Ticket #10 (assigned defect)

Opened 3 years ago

Last modified 3 years ago

Valgrind error in TestInterCollObjWorld.testReduce with openmpi 1.1 on FC6

Reported by: albertstrasheim Assigned to: dalcinl (accepted)
Priority: major Milestone:
Component: component1 Version:
Keywords: Cc:

Description

I'm using Valgrind 3.2.1 to run test_collobj.py from mpi4py 0.4.0rc2 on Fedora Core 6 with the included openmpi 1.1-7. I use Valgrind as follows:

mpiexec -n 3 \
        valgrind \
        --tool=memcheck \
        --leak-check=yes \
        --error-limit=no \
        --suppressions=valgrind-python.supp \
        --num-callers=20 \
        --freelist-vol=536870912 \
        -v \
        python test_collobj.py -v

valgrind-python.supp can be found in the Python SVN repository.

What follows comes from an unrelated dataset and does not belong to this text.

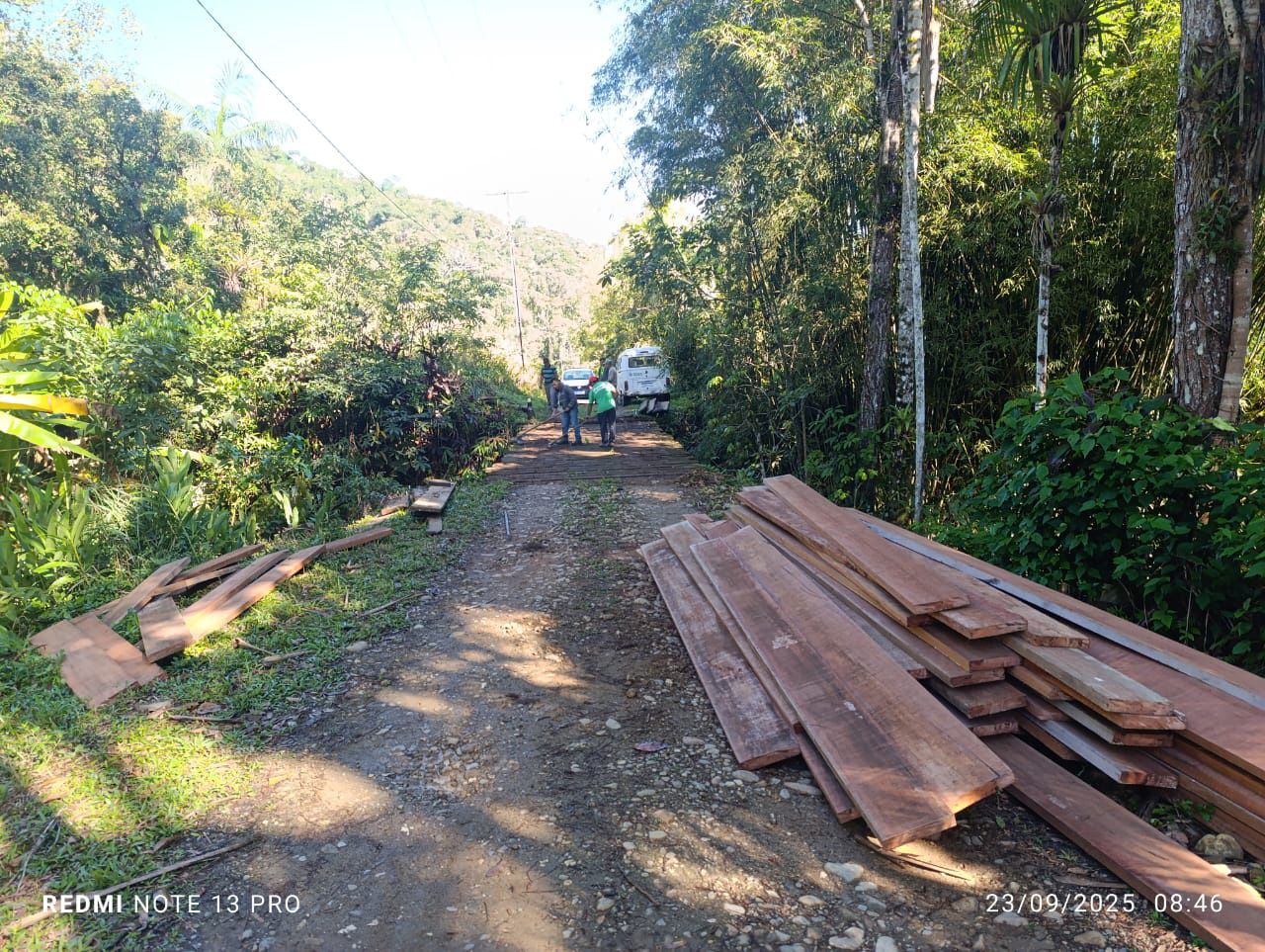 Além disso, a equipe também atuou na Ponte Pitinga, realizando a manutenção da estrutura com a substituição de pranchas de madeira danificadas, assegurando maior durabilidade e segurança no acesso.

Some lines have to be uncommented to suppress most of the warnings caused by Python (see README.valgrind for more info).

The following errors show up when running TestInterCollObjWorld.testReduce:

==23269== ERROR SUMMARY: 2 errors from 2 contexts (suppressed: 7698 from 7)
==23269== 
==23269== 1 errors in context 1 of 2:
==23269== Invalid read of size 4
==23269==    at 0x4F9CC92: mca_pml_ob1_recv_frag_match (pml_ob1_recvfrag.c:454)
==23269==    by 0x4F9E30E: mca_pml_ob1_recv_frag_callback (pml_ob1_recvfrag.c:101)
==23269==    by 0x50B1519: mca_btl_sm_component_progress (btl_sm_component.c:392)
==23269==    by 0x50A7BE5: mca_bml_r2_progress (bml_r2.c:102)
==23269==    by 0x4CD1A59: opal_progress (opal_progress.c:288)
==23269==    by 0x4F9AEDA: mca_pml_ob1_recv (condition.h:81)
==23269==    by 0x50C38E9: mca_coll_basic_gather_intra (coll_basic_gather.c:77)
==23269==    by 0x50C13ED: mca_coll_basic_allgather_intra (coll_basic_allgather.c:74)
==23269==    by 0x4B9D29C: ompi_comm_split (comm.c:401)
==23269==    by 0x4BC7269: MPI_Comm_split (comm_split.c:58)
==23269==    by 0x4B3D0DF: comm_split (mpi.c:3565)
==23269==    by 0xB2654C: PyCFunction_Call (in /usr/lib/libpython2.4.so.1.0)
...
==23269==  Address 0x5C is not stack'd, malloc'd or (recently) free'd
==23269== 
==23269== 1 errors in context 2 of 2:
==23269== Invalid read of size 4
==23269==    at 0x4F9CC6F: mca_pml_ob1_recv_frag_match (pml_ob1_recvfrag.c:450)
==23269==    by 0x4F9E30E: mca_pml_ob1_recv_frag_callback (pml_ob1_recvfrag.c:101)
==23269==    by 0x50B1519: mca_btl_sm_component_progress (btl_sm_component.c:392)
==23269==    by 0x50A7BE5: mca_bml_r2_progress (bml_r2.c:102)
==23269==    by 0x4CD1A59: opal_progress (opal_progress.c:288)
==23269==    by 0x4F9AEDA: mca_pml_ob1_recv (condition.h:81)
==23269==    by 0x50C38E9: mca_coll_basic_gather_intra (coll_basic_gather.c:77)
==23269==    by 0x50C13ED: mca_coll_basic_allgather_intra (coll_basic_allgather.c:74)
==23269==    by 0x4B9D29C: ompi_comm_split (comm.c:401)
==23269==    by 0x4BC7269: MPI_Comm_split (comm_split.c:58)
==23269==    by 0x4B3D0DF: comm_split (mpi.c:3565)
==23269==    by 0xB2654C: PyCFunction_Call (in /usr/lib/libpython2.4.so.1.0)
...
==23269==  Address 0xA8 is not stack'd, malloc'd or (recently) free'd

The test is run on all three nodes, but the errors only show up once, so maybe only the root node is having this error?

If this isn't a mpi4bug issue, maybe it's a problem with openmpi -- unfortunately openmpi 1.1.2 segfaults when I tried to use mpiexec to run Valgrind.

Change History

11/10/06 16:23:08 changed by dalcinl

  • status changed from new to assigned.
  • owner changed from somebody to dalcinl.

This is a bug in OMPI. I've reported it.